To define an ideal triangulation one typically starts with a hyperbolic metric. Suppose that $T^2 = S^1 \times S^1$ is the two-torus and $X = T - D$ is the torus minus an closed embedded disk. There are essentially two ways to give $X$ a complete hyperbolic metric. As everyone has remarked, and you have remarked as well, if the metric has finite area then you can triangulate $X$ with exactly two ideal triangles with all vertices at the "ideal point at infinity."

On the other hand, the other "kind" of metric on $X$ is a metric of infinite area. Since an ideal triangle has area $\pi$ it will take infinitely many ideal triangles to triangulate $X$. These triangulations can be very wild. In particular they are not typically determined by a finite amount of data. Thus the phrase "ideal triangulation" virtually always refers to the case when $X$ has finite area.

EDIT: Of course I misread the question!
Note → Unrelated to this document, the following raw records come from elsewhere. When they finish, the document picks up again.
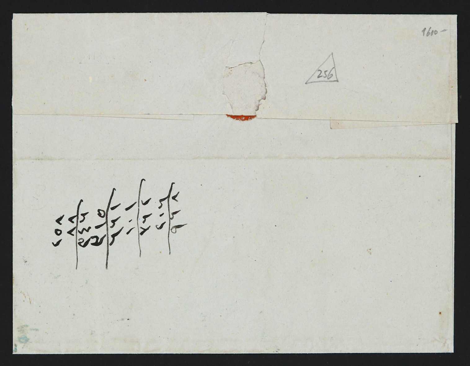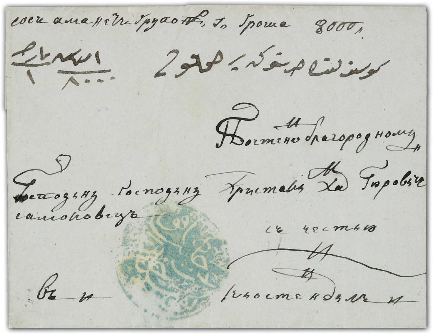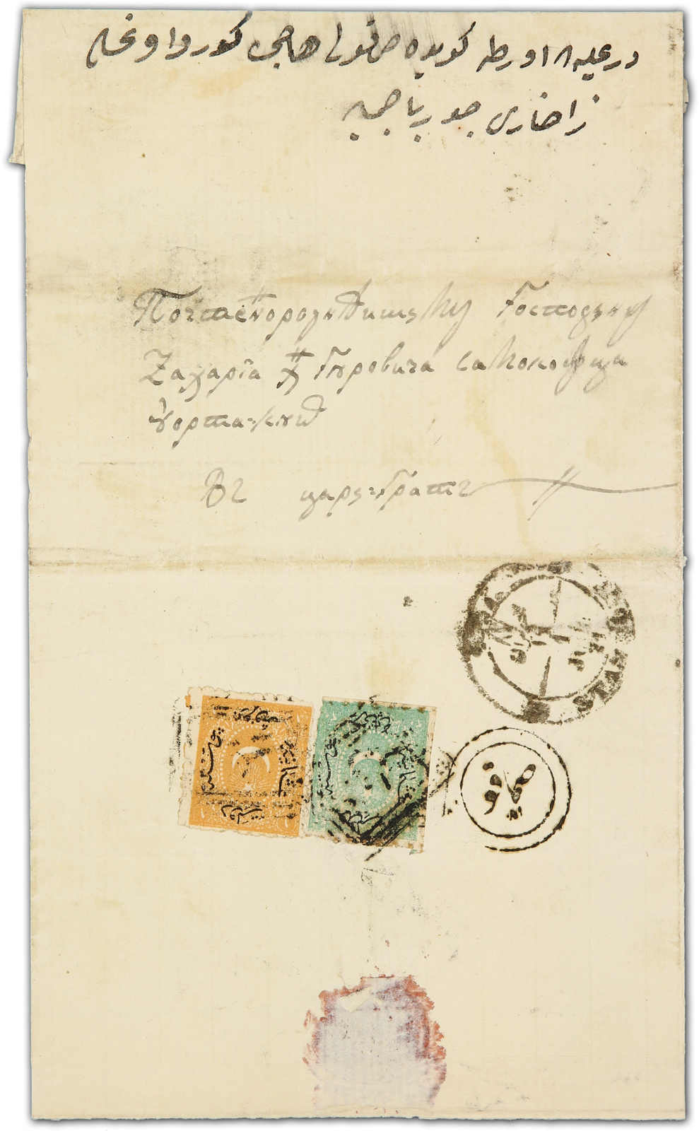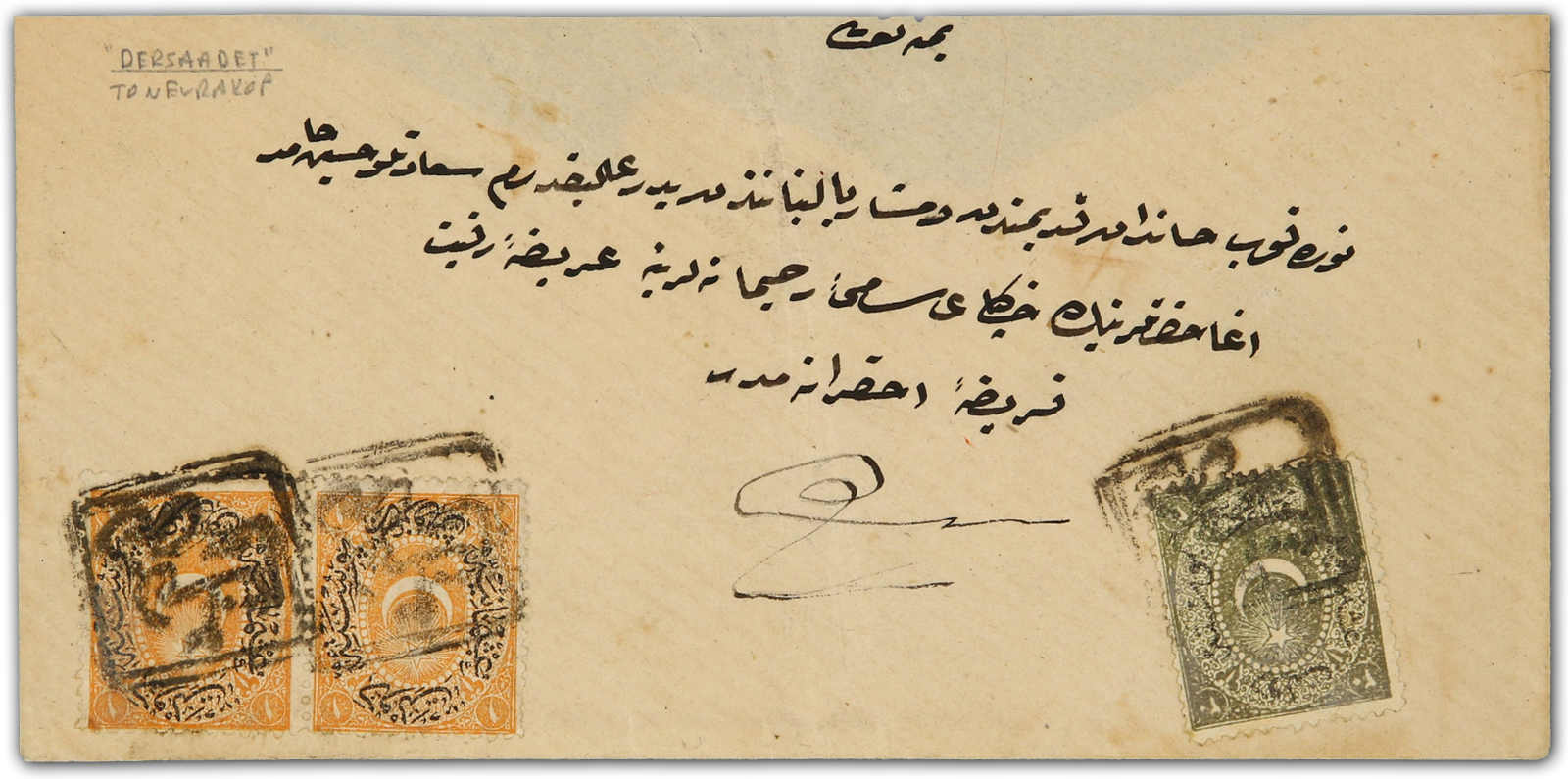 upper left, alongside weight 3 Dirhem / postal charge 2 piastres 20 paras in manuscript, signed Nakri (Image)
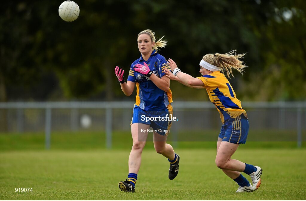 27 September 2014; Jenny McEvoy, Mountmellick Sarsfields, Laois, in action against, Naomi Carroll, Banner, Clare. 2014 TESCO HomeGrown All-Ireland Ladies Football Club Sevens Finals. Naomh Mearnóg GAA Club, Portmarnock, Co. Dublin. Picture credit: Barry Cregg / SPORTSFILE
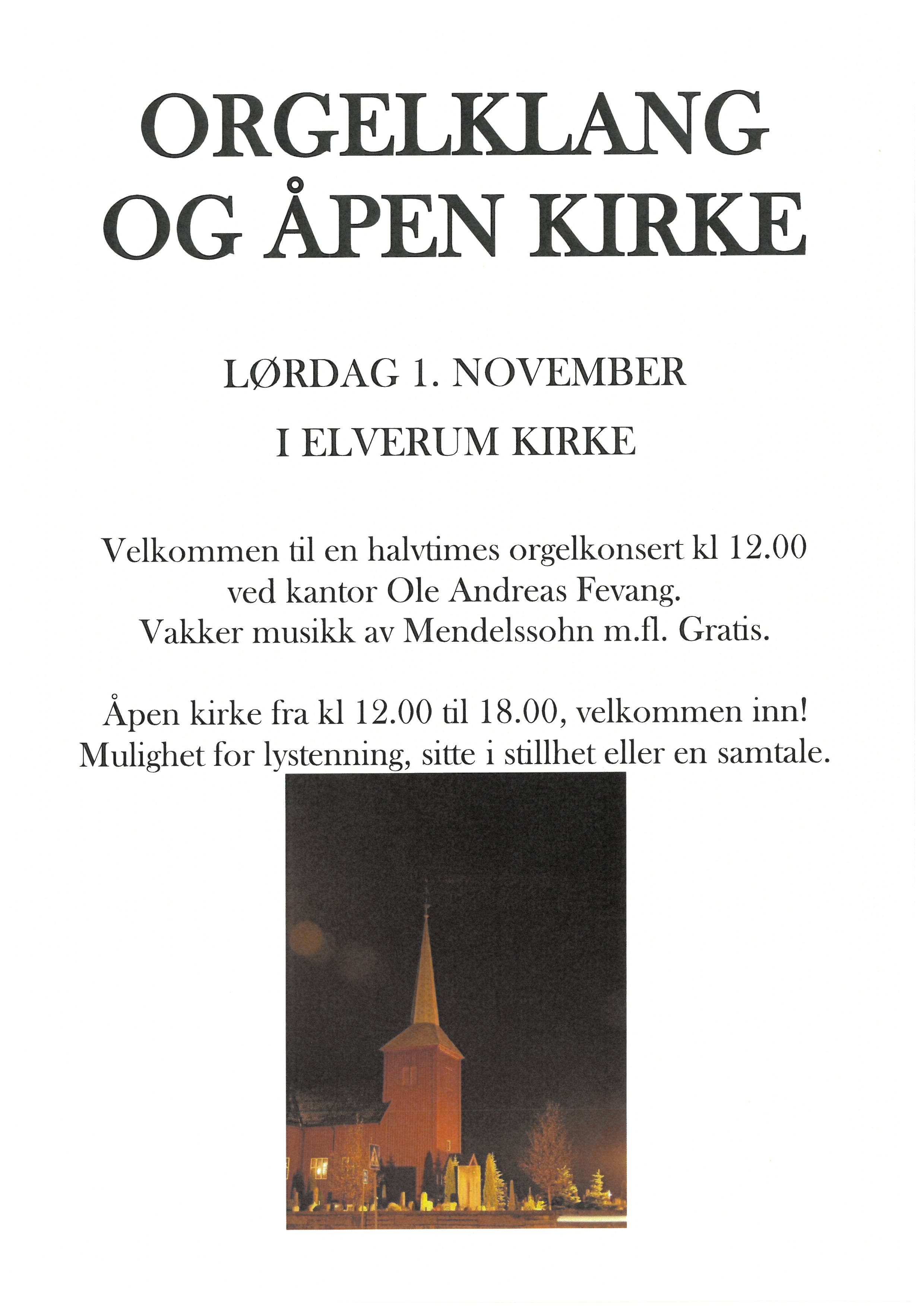 Elverum kirke lørdag 1. november fra kl. 12:00-18:00
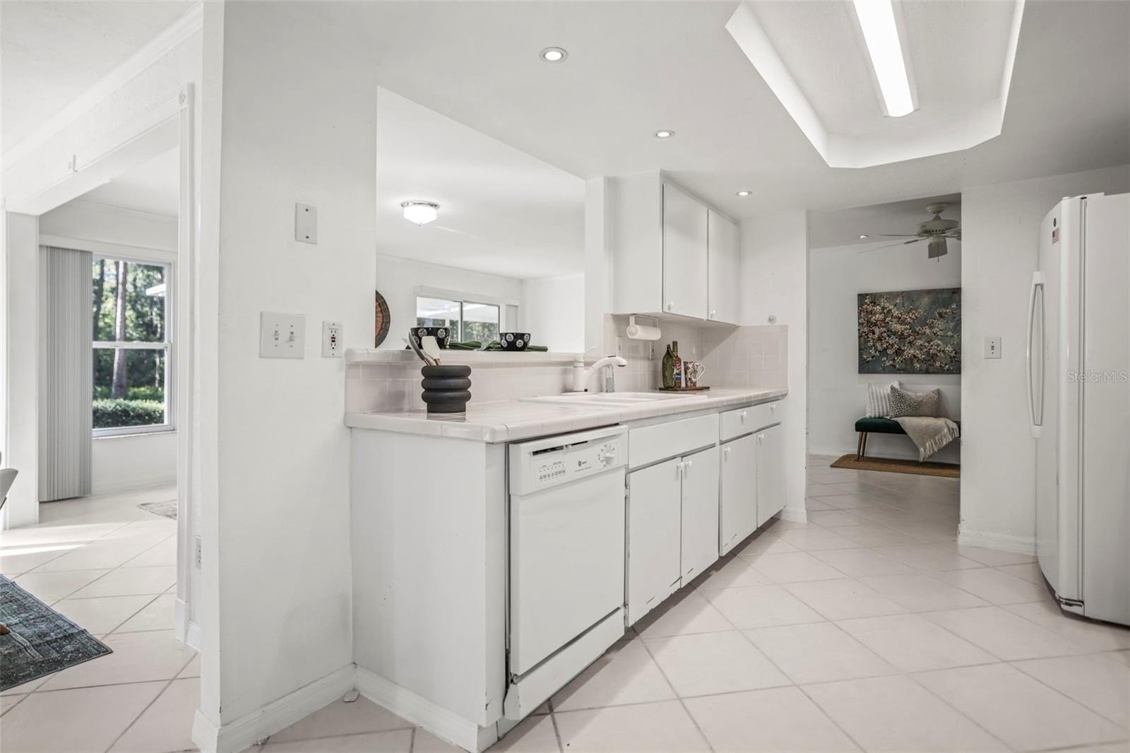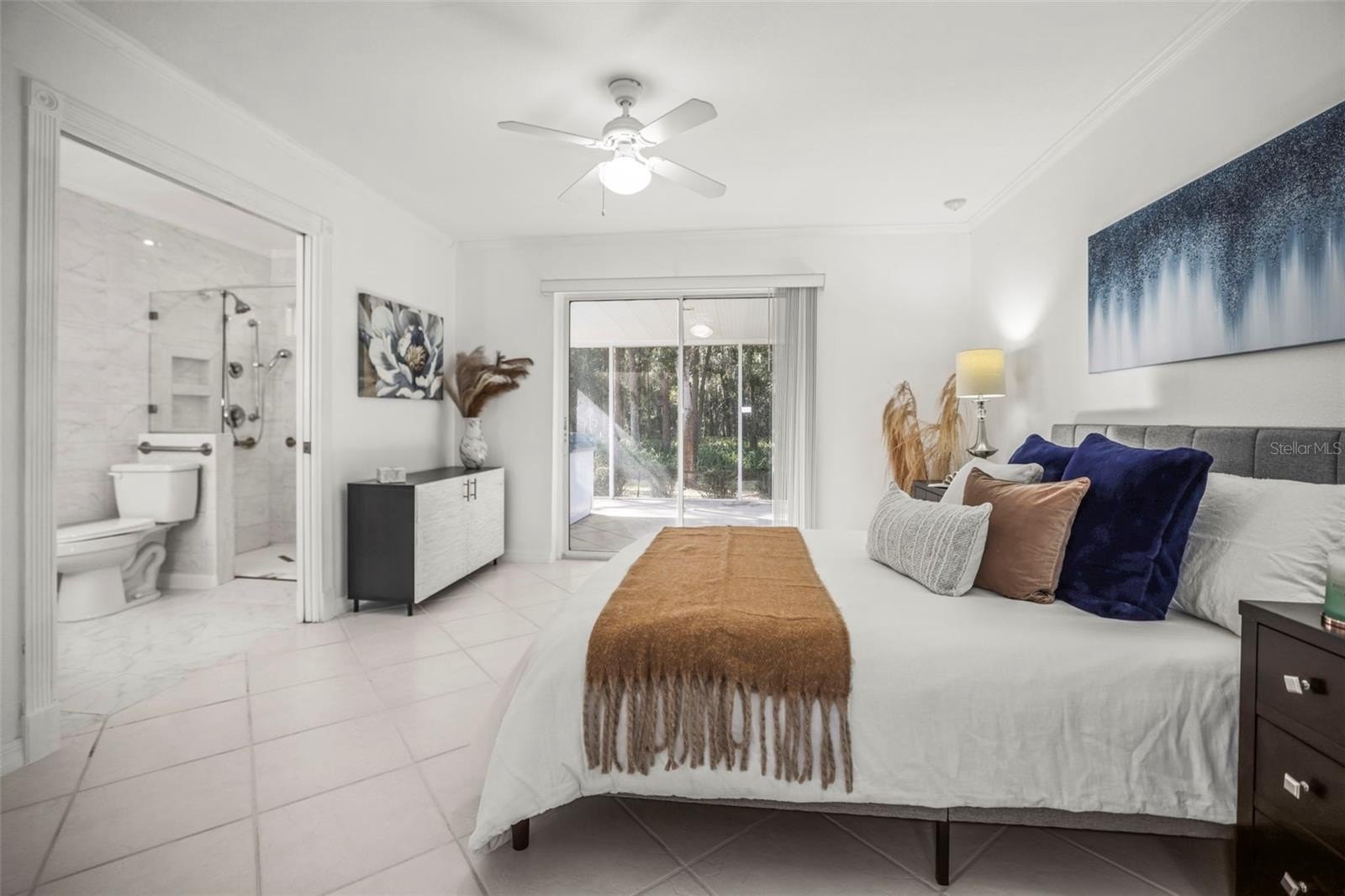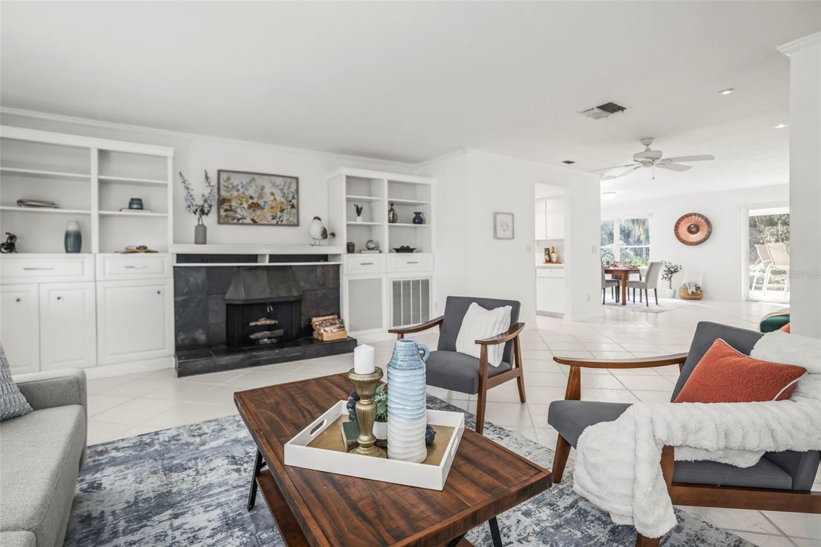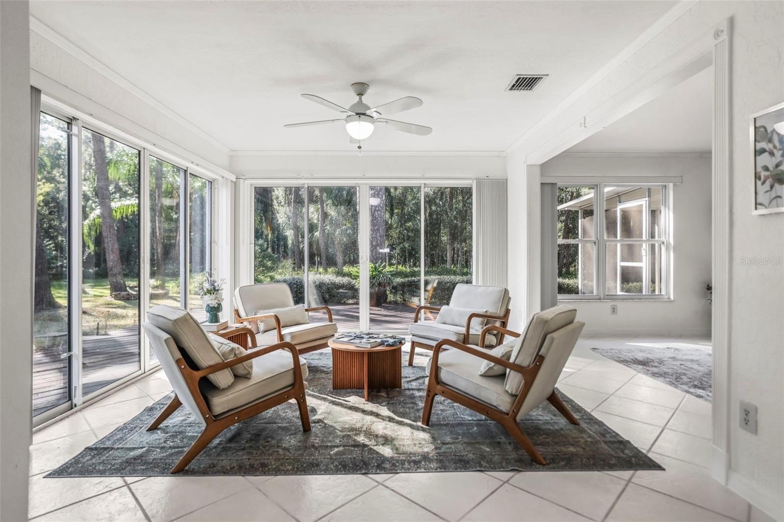 Inside, the home features tile flooring throughout, crown molding, and a cozy fireplace that anchors the main living area. The spacious layout includes a large eat-in kitchen and multiple living and dining spaces filled with natural light. Four sets of sliding glass doors—from the kitchen, dining area, and primary bedroom—open to peaceful garden and wooded views, seamlessly blending indoor and outdoor living.
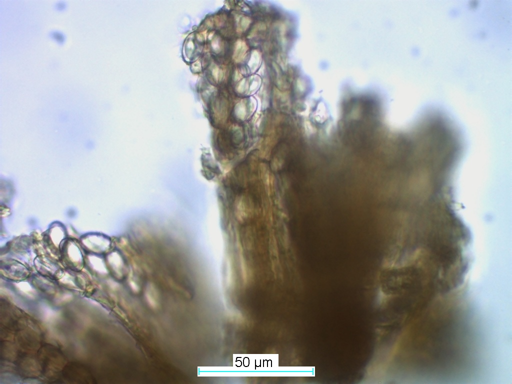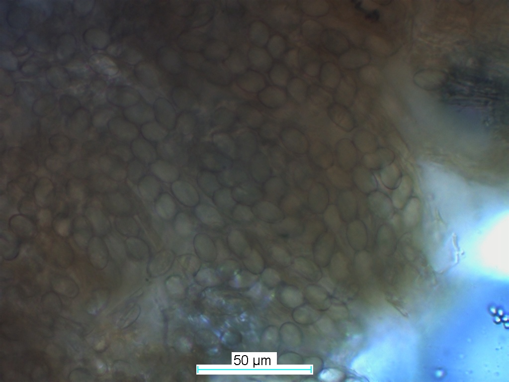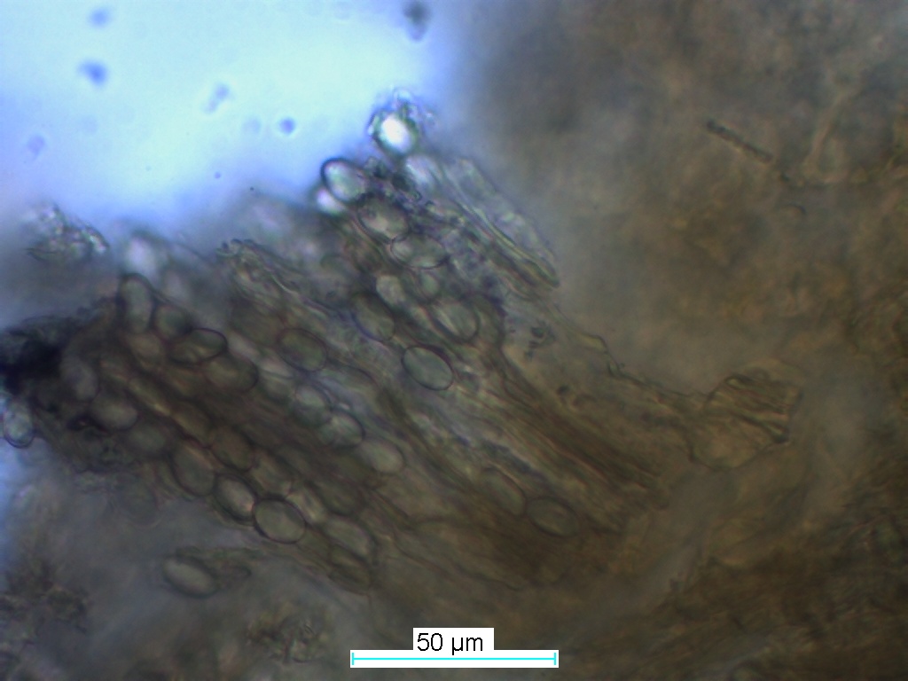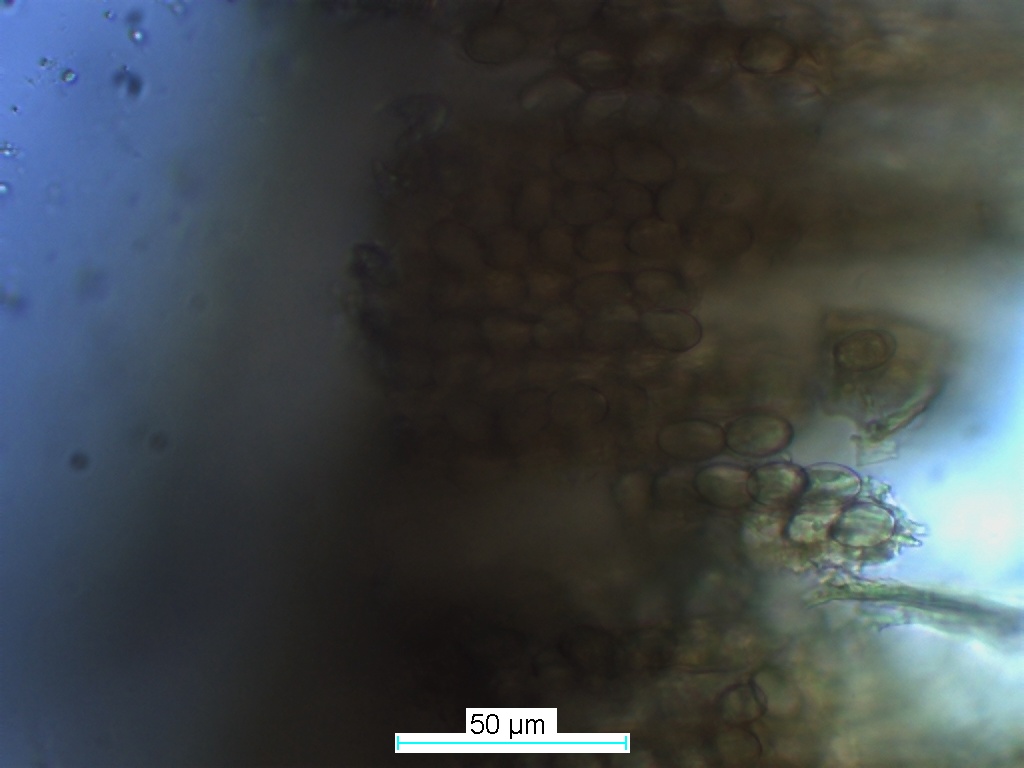 Leider sehe ich keine Schläuche, nur die Sporen, die schlauchförmig angeordnet sind und auch keine Paraphysen. Kann das sein, das Schläuche und Paraphysen im trockenen Zustand nicht mehr sichtbar sind, zerfallen o.ä.? Wenn ich das Präparat etwas quetsche habe ich dann nur wieder die Einzelsporen im Bild.

The question asks about ideal triangulations of a hyperbolic surface with geodesic boundary. Here the answer pretty much has to be "spun triangulations". That is: fix such a metric on $X = T - D$ when $D$ is an open disk. Fix a collection of three proper embedded geodesic arcs in $X$, perpendicular to the geodesic boundary. These cut $X$ into a pair of right-angled hexagons. Now we spin. Choose an orientation for $\partial X$. Drag all of the endpoints of all the arcs in the direction of the orientation. At each point of time during this process we have three proper geodesic arcs, but the angles they make with the boundary go to zero. Take the Hausdorff limit and you will get a spun ideal triangulation of $X$. I'll end by remarking that you can build a spun triangulation of a pair of pants ($S^2$ minus three open disks with disjoint closures).